Beers initially thought she'd act and demonstrated a knack for comedy. For various Procter & Gamble spots, she parodied an out- of-control announcer, Crazy Eddie, seen in 1980s commercials. As Crazy Carol, she says, "I talked frantically. A lot of things fell on my head."
She still occasionally exercises her acting chops. During table reads, she recites the stage directions with verve. "She always gets the biggest laughs," Lowes says.
Moving to Los Angeles, Beers worked almost exclusively in film production for two decades. Starting out as a reader, she eventually served as president of director Mike Newell's Dogstar Films and president of the Mark Gordon Company.
When she finally hooked up with Rhimes, neither had much TV experience.

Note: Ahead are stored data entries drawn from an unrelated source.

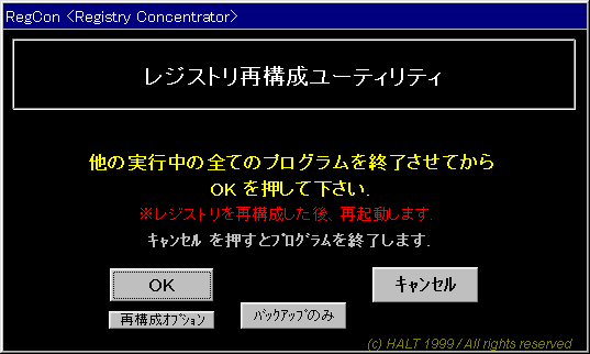 画面の説明にもあるように、RegCon 以外の全てのプログラムで終了できるものは全て終了させてから「OK」をクリックする。理由は2つある。
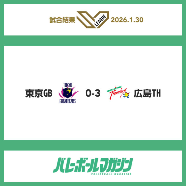 国立代々木競技場第一体育館では東京グレートベアーズと広島サンダーズが対戦し、セットカウント0-3でアウェイの広島THが勝利。今季11勝目を挙げた。ストレートで決着したものの、3セット中2セットがデュースにもつれ込む接戦となった。
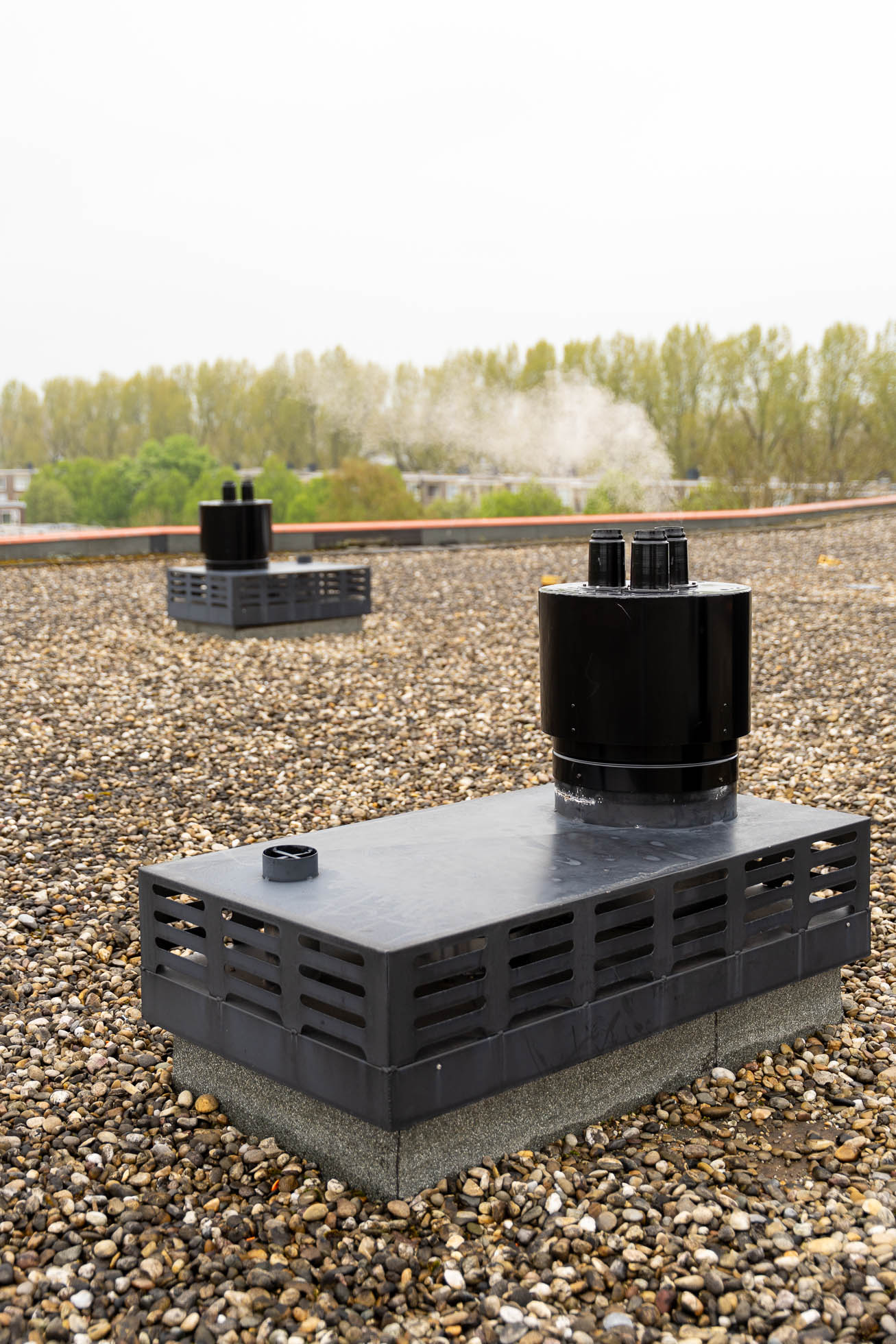 Individueel: Meestal de beste keuze voor gebouwen tot 3 of 4 woonlagen. Elk appartement heeft zijn eigen afvoer naar het dak of de gevel.
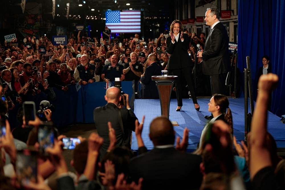 與特朗普的首場辯論結束後,哈里斯面對支持者發表講話IC Photo
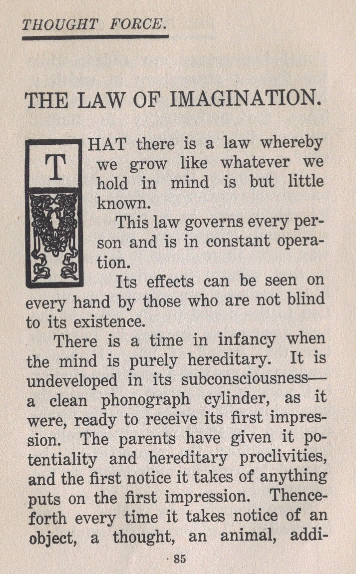 There is a time in infancy when the mind is purely hereditary. It is undeveloped in its subconsciousness --- a clean phonograph cylinder, as it were, ready to receive its first impression. The parents have given it potentiality and hereditary proclivities, and the first notice it takes of anything puts on the first impression. Thenceforth every time it takes notice of an object, a thought, an animal, additional
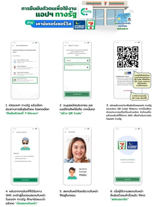 เมื่อดาวโหลดแอปทางรัฐลงบนมือถือ หรือสมาร์ตโฟนแล้ว จะต้องมีขั้นตอนยืนยันตัวตน มาดูวิธีการยืนยันตัวตน แอปทางรัฐ ผ่านเคาน์เตอร์เซอร์วิส เซเว่น-อีเลฟเว่น 7-11 ทำได้ดังนี้
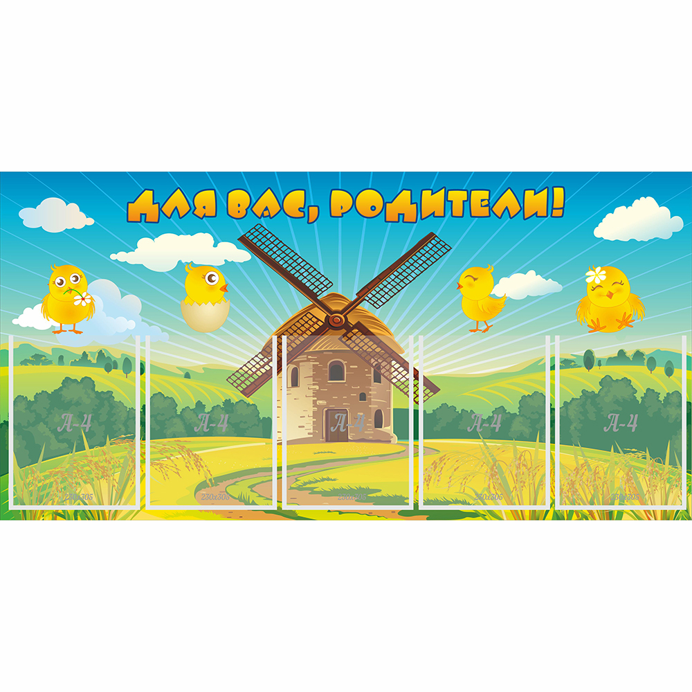Мы предлагаем вашему вниманию информационный стенд для родителей, который просто идеально подходит любому детскому саду, благодаря универсальному изображению и цветовому решению. К тому же стенд практичный, на нем можно разместить сразу несколько объявлений, свод правил и множество другой полезной каждому родителю информации. Лучшее решение для каждого современного детского сада.
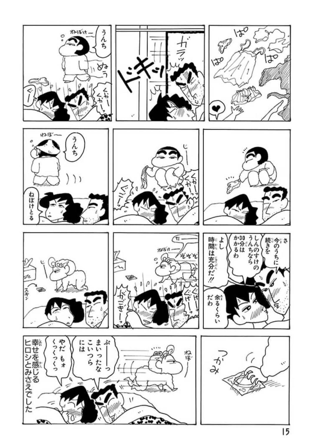 | … | 326/01/14(水)02:50:44No.1392307607+ひろしとみさえがセックスしようとするけどしんのすけが全然寝ない回あったよね |
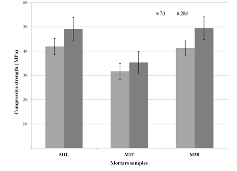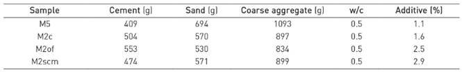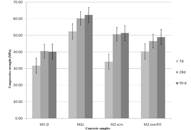 Figure 7 presents the results of compressive strength of the studied series to the age of 7, 28 and 90 days. Considering that all the mixtures have similar W/C ratio, it is expected that all of them attain similar compressive strength. The differences can be related with problems of the aggregates. The series M2of and M2scm have similar compressive strength to that references M5.
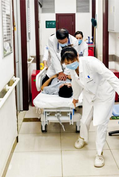全科护士推平车也及时到达事发地点,大家齐心协力将患者抬到平车上,快速的转运到一楼抢救室。开放静脉通路、给药、监护、除颤、按压都在有条不紊的进行.....整个过程中,大家分工明确、配合默契,确保患者得到全方位的救治。
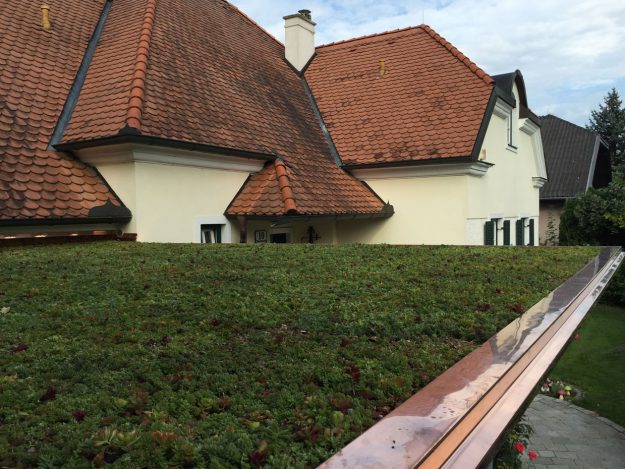 Hierfür verwenden wir eine 1,5 mm starke, wurzelsichere, EPDM Kautschukplane. Langzeitbewährt und mit einer Lebenserwartung von mehr als 50 Jahren.
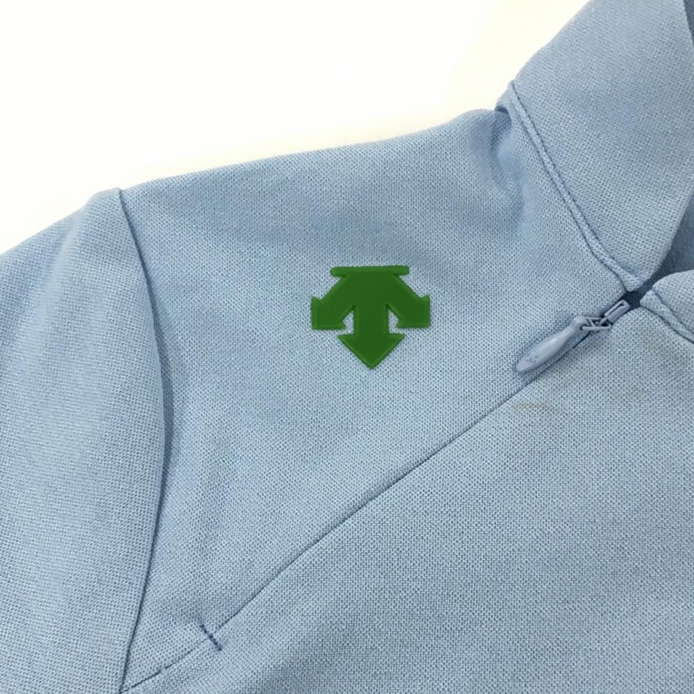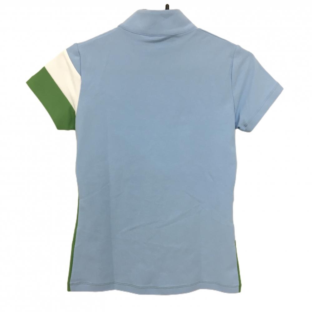 デサントゴルフ 半袖ハイネックシャツ ライトブルー×グリーン 肩ファスナー 中田英寿 レディース S ゴルフウェア DESCENTE
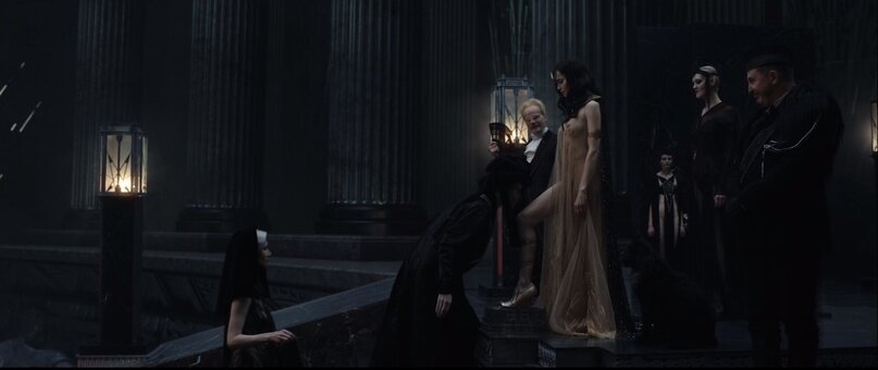 Снигирь – абсолютная королева декаданса, одинаково органичная с сигаретой и молотком в руке. Ближе к финалу её героиня тоже раздваивается: отчаявшаяся любовница драматурга, заточённого в психиатрическую больницу, решается на самоубийство, добавляет яд в красное вино и погружается в чтение романа. Глоток за глотком, строка за строкой – Маргарита медленно умирает и правит балом Сатаны одновременно. Этот эпизод с параллельным действием, пожалуй, самый пронзительный и ошеломляющий. От красоты кадра хочется зарыдать.

But "you don't know what you don't know," Beers observes. They tackled a pilot about women war correspondents. It wasn't picked up. With their next project, Grey's Anatomy, Beers passed out copies of tapes of the pilot from the trunk of her car.
That series, which has won five Emmys, drew attention for its colorblind casting. Scandal, which has won two Emmys, also kicked back tradition by being the first primetime network show to star a black actress in almost 40 years. In 2015 the star of How to Get Away with Murder, Viola Davis, became the first black woman to win an Emmy Award for outstanding lead actress in a drama series.
"I don't make anything I wouldn't want to watch," says Beers, who is something of an uncommon breed, given that the number of women executive producers still lags considerably behind their male counterparts. But Beers recently moved a desk and white shag rug into the office of the late Harry Cohn, a tyrannical Hollywood mogul.
"It was a gigantic thrill to move into the office," she says. "I want to take the power that's in this office and make sure it's used for good and generosity and creativity."